Why AI-Generated Code Is Just Bytecode

The vibe-coding debate has settled into two camps. Camp One says AI-generated code is fine for prototypes but dangerous in production — it’s messy, ignores best practices, doesn’t respect clean code principles, and produces architectural debt that engineers will have to pay down later. Camp Two says vibe coding is the future and engineers who fight it will be left behind.

Paul Iusztin, the founding AI engineer at a vertical AI startup and author of LLM Engineer’s Handbook (~20,000 copies sold), came down hard in Camp Two during our recording — but with a reframe that reorients the whole debate. The reframe is short, technical, and almost unanswerable once you hear it. “AI-generated code is just another compilation step. We don’t read bytecode. Why are we reading this?”

The argument isn’t dismissive of code quality. It’s about who code quality is for.

What clean code was actually for

Clean code conventions, design patterns, architectural rigor — these existed for a specific reason. Human engineers needed to read code their colleagues wrote, debug code at 2am, and maintain code six years after the original author left the company. Conventions weren’t about elegance. They were about reducing the cognitive load that humans hit when scanning hundreds of files.

“Many people complain about vibe coding that it creates messy code or code that doesn’t respect clean code or good architectural designs,” Paul explains. “But these designs were made for people, to avoid human error. And maybe the AI will not need them anymore.”

The argument lands because it inverts the assumption. Clean code wasn’t an absolute good. It was a workaround for a specific bottleneck — human comprehension at scale. If the bottleneck changes, the workaround should change with it.

The bytecode parallel

Paul’s analogy is what makes the reframe stick. Modern Python (and most high-level languages) compile down through multiple stages before execution. Source code becomes an abstract syntax tree, becomes bytecode, becomes machine instructions. Engineers don’t read the bytecode. They don’t audit the AST. They write source code and trust the compilation pipeline.

“Now we write Python that’s compiled many, many times until it reaches bytecode. Do we read the bytecode to make sure it’s clean bytecode? No, we just trust it,” Paul says. “AI-generated code — just a compilation step.”

In this framing, AI is another layer in the compilation stack. The engineer’s intent is the source. The AI translates intent into a runnable artifact. Engineers don’t need to audit the artifact line-by-line for the same reason they don’t audit bytecode line-by-line: the value the engineer adds isn’t in inspecting the output, it’s in specifying the input.

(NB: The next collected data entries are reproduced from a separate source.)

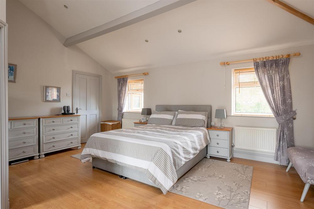 1st Floor: large landing -- 4 double bedrooms -- 5th single bedroom (or office) --the main bedroom benefits from a vaulted ceiling, balcony and en-suite bathroom incorporating bath and separate shower -- contemporary house shower room.
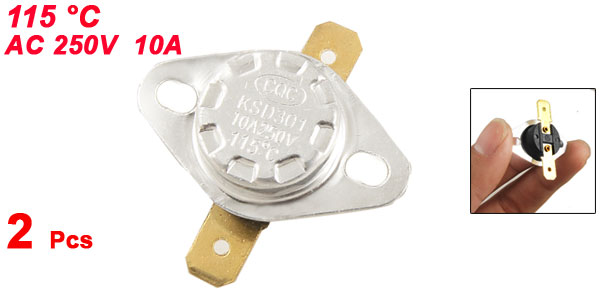 2 Pcs AC 250V 10A NC Temperature Control Switch Thermostat 115 Celsius KSD301
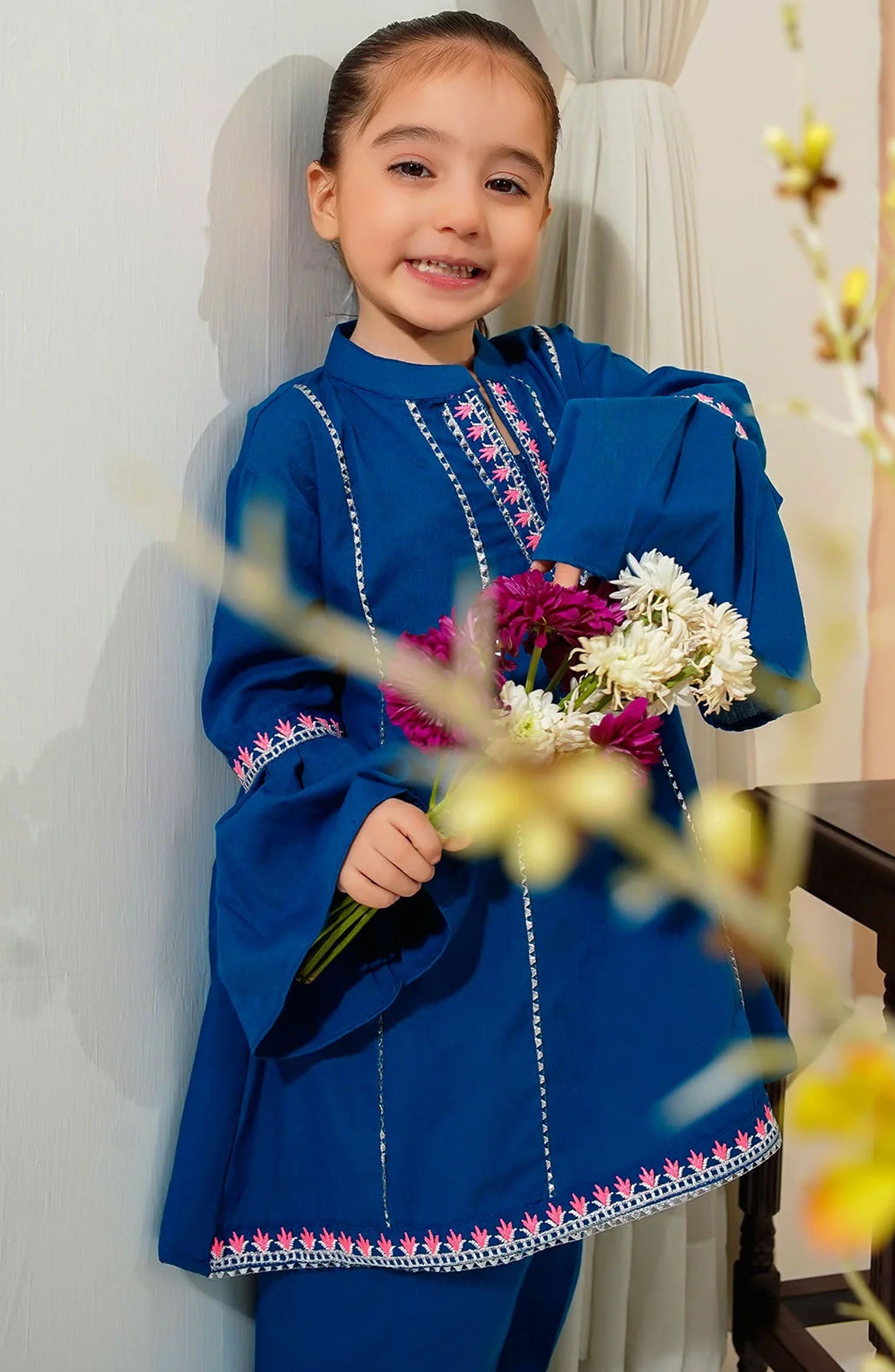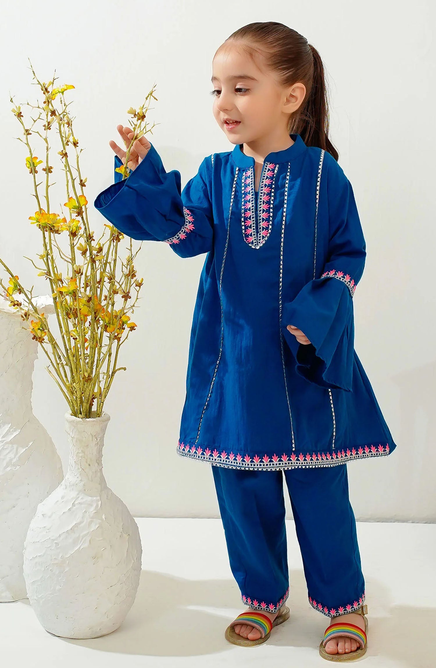 The standard style comes as a long-sleeved kameez with dupatta and trouser/shawlar.
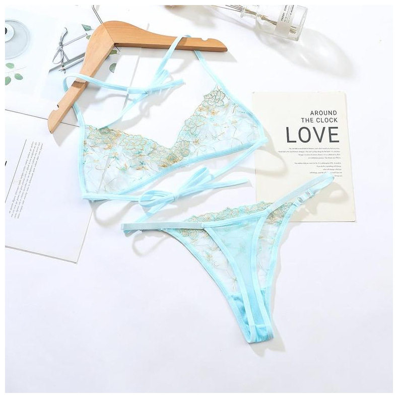 New Mesh Embroidered Interior French Underwear Strap Bra suit Less Women Sexy Cute European and American 672AA

Angelina extended the metaphor during the recording: “We have to accept the younger generation speaking a different language and then we just work with it.”

What replaces line-by-line review

If reading AI-generated code line-by-line is the wrong abstraction layer for engineering effort, what replaces it? Paul’s answer is direct: AI evals.

“We need a way to ensure at the next level that everything works fine. AI evals — basically ensures from a data point of view that your product works fine. You don’t even need to write the classic unit and integration tests. You just from a data approach based on specific inputs and outputs ensure that your system works as expected.”

The shift is from code-level testing to behavior-level testing. Instead of asking “is this function written correctly?”, you ask “does this system produce the right outputs given the right inputs across the distribution of cases we care about?” The first question scales worse than the second when AI generates the code. The second question scales the same regardless of who wrote it.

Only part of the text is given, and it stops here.